The Supplementary material also shows that many data points were missing, including date of onset, but especially on the outcome of interest: virus presence in nasopharyngeal swabs. In the 16 controls, out of a total of 6 (days) * 16 is 96 swabs, the test was not done in 43 of those. In fact, on day 6, on which the report focuses, swabs were not performed in five of the 16 controls, and one of the treated patients. Under table 2 in the manuscript, it is stated that data points were missing particularly in controls, and that they were considered positive if they were positive the day before. This was actually true for three out of five with missing data on day 6, but two also had missing data on Day 4. Hence, the figures in table 2, that 2 out of 16 controls were negative at day 6, is a gross misrepresentation. In addition, the manuscript states that patients were included if the PCR was positive at admission.
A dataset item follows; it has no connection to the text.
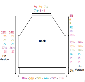 Finished SizeTo fit bust/chest measurement: Extra-Small/Small 28-34" [71-86.5 cm], Medium 36-38" [91.5-96.5 cm], Large 40-42" [101.5-106.5 cm], Extra-Large 44-46" [112-117 cm], 2/3 X-Large 48-54" [122-137 cm], 4/5 X-Large 56-62" [142-157.5 cm]

For two control patients, the test was not done at admission (Supplementary Table), so these should not have been included.
Conclusion
This is a non-informative manuscript with gross methodological shortcomings. The results do not justify the far-reaching conclusions about the efficacy of hydroxychloroquine in Covid-19, and in the view of this reviewer do not justify any conclusion at all.
Declaration of Competing Interests
The author has no competing interest relevant to this paper.
Footnotes
This post-publication review was written at the invitation of ISAC and submitted on 19 April 2020.